Consider Possibilities
· What other information is related to the question? Which information is most useful?
        o Did you recognize that this cross is a monohybrid cross, much like the example with Mendel’s purple pea flowers? Do you remember the classic phenotype ratio?
        o Punnett squares are also a useful way to determine both genotype and phenotype ratios.

Choose Answer
  · Given what you now know, what information and/or problem solving approach is most likely to produce the correct answer?
        o Try drawing a Punnett square. Write the possible gametes on the top and the side.
        o The gametes for each parent are HbA and HbS. There are four categories of offspring: HbA / HbA, HbA / HbS, HbS / HbA, and HbS / HbS.

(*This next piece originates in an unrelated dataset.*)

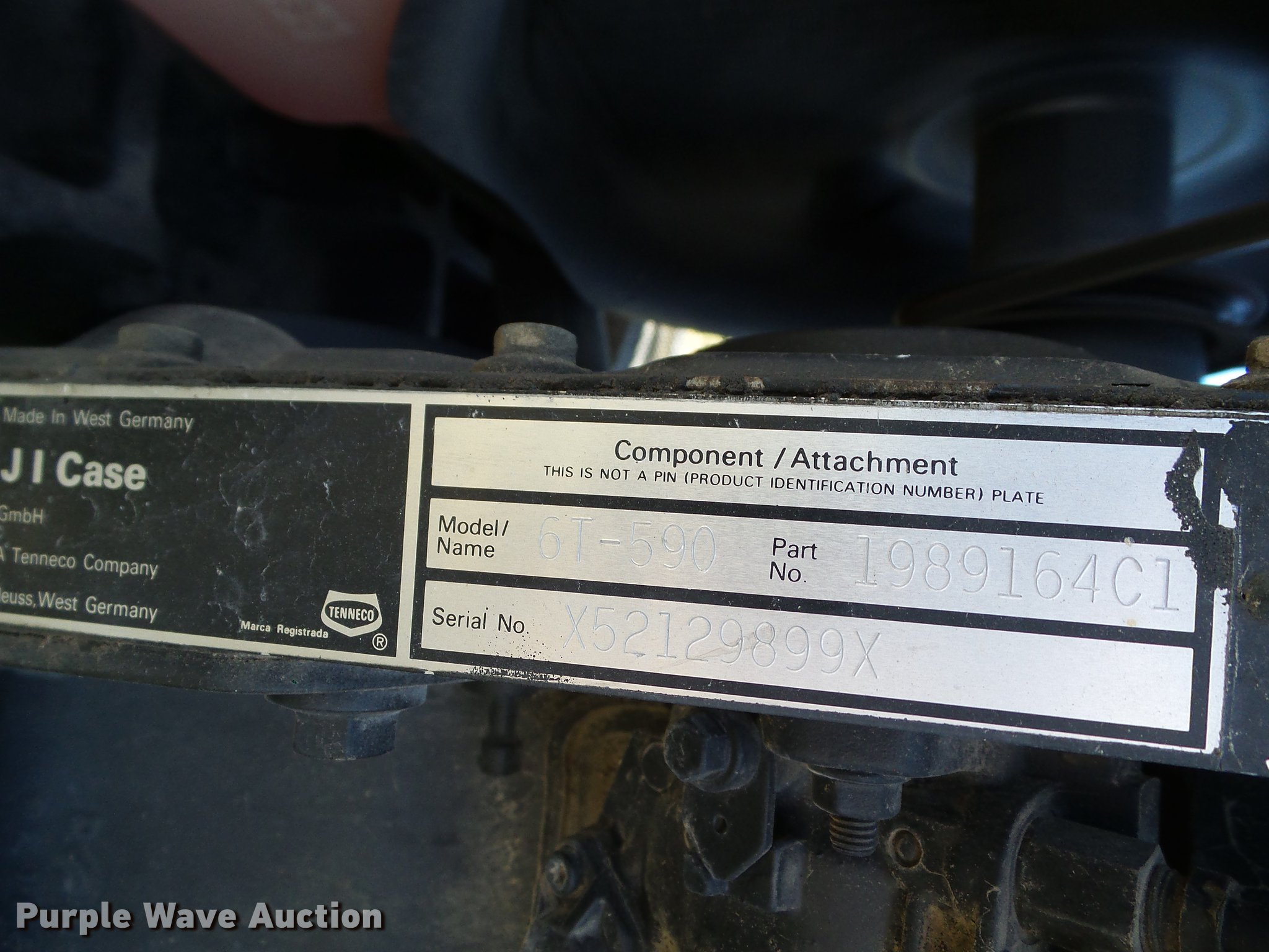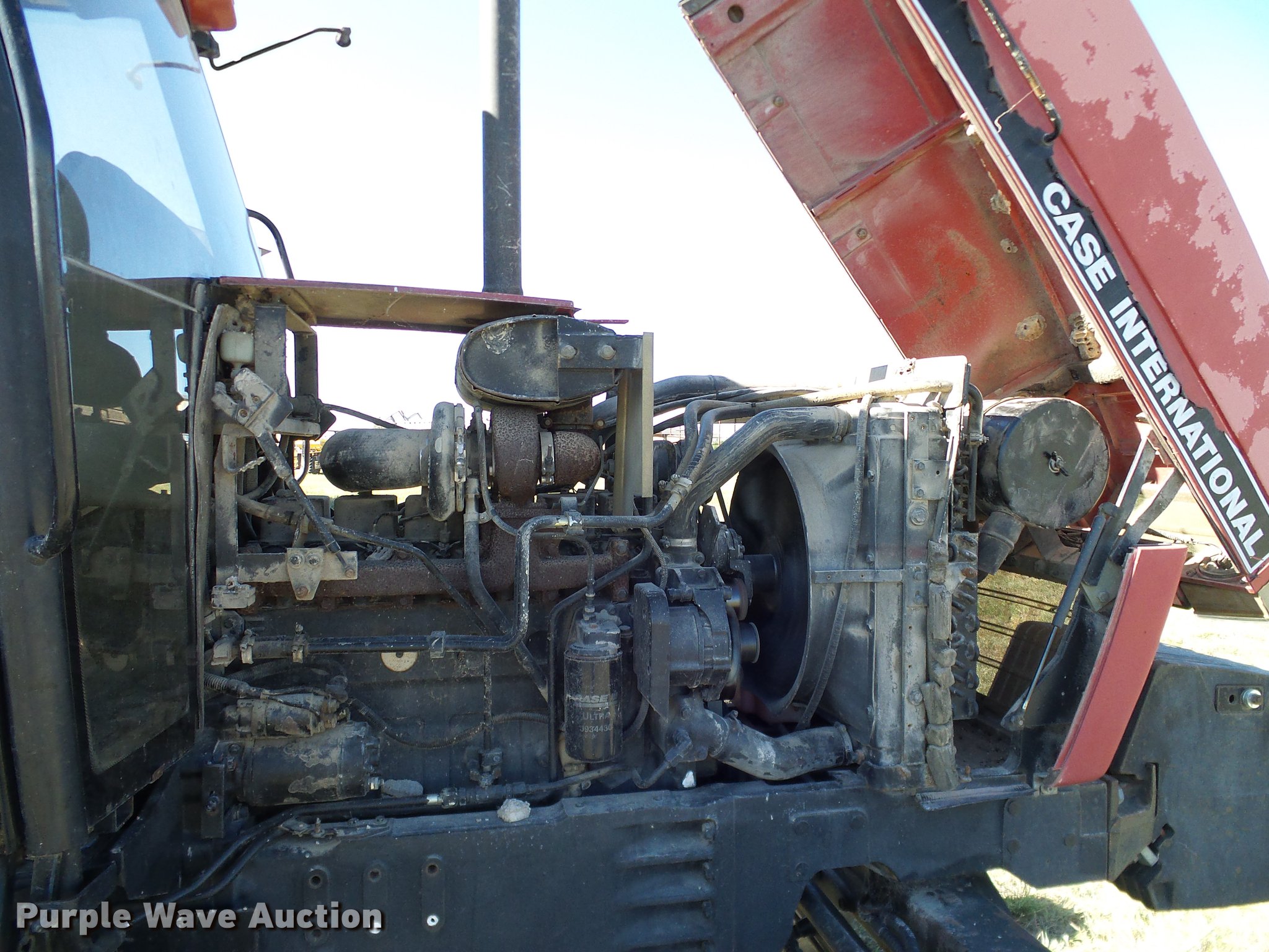 Purple Wave is selling a used Tractor in Texas. This item is a 1992 Case IH Maxxum 5250 tractor with the following: Case 6T-590 six cylinder turbo diesel engine, Serial 52129899, Partial powershift transmission, 16F-16R gears, AC and heat, Tilt steering wheel, AM/FM, Suspension seat, Visor, Three point, Top link, Seven pin outlet, 540 PTO, (2) rear hydraulic remotes, (12) suitcase weights, 18.4R38 rear tires, Hour meter inoperable, possible bad chip, Non-operational parking brake, AC leaks in cab, Serial JJF1022490

        o Only the last category will have sickle cell disease: HbS / HbS. So there is a ¼ probability for each child.
        o Since each child is an independent event, we must multiply the two probabilities to get the overal probability. ¼ x ¼ = 1/16

Reflect on Process
· Did your problem-solving process lead you to the correct answer? If not, where did the process break down or lead you astray? How can you revise your approach to produce a more desirable result?
        o This question required you to Analyze the information given, using logic, to dissect the problem and determine the answer.
        o Were you thrown by the unfamiliar terminology?
        o Did you try writing out the genotypes and the cross? Did you draw a Punnett square?
        o Did you remember to treat each child as an independent event? The outcome of the first child does not affect subsequent children.
        o Did you read carefully? Would the answer have been different if the question said “What is the probability that either of their first two children will have sickle-cell disease?”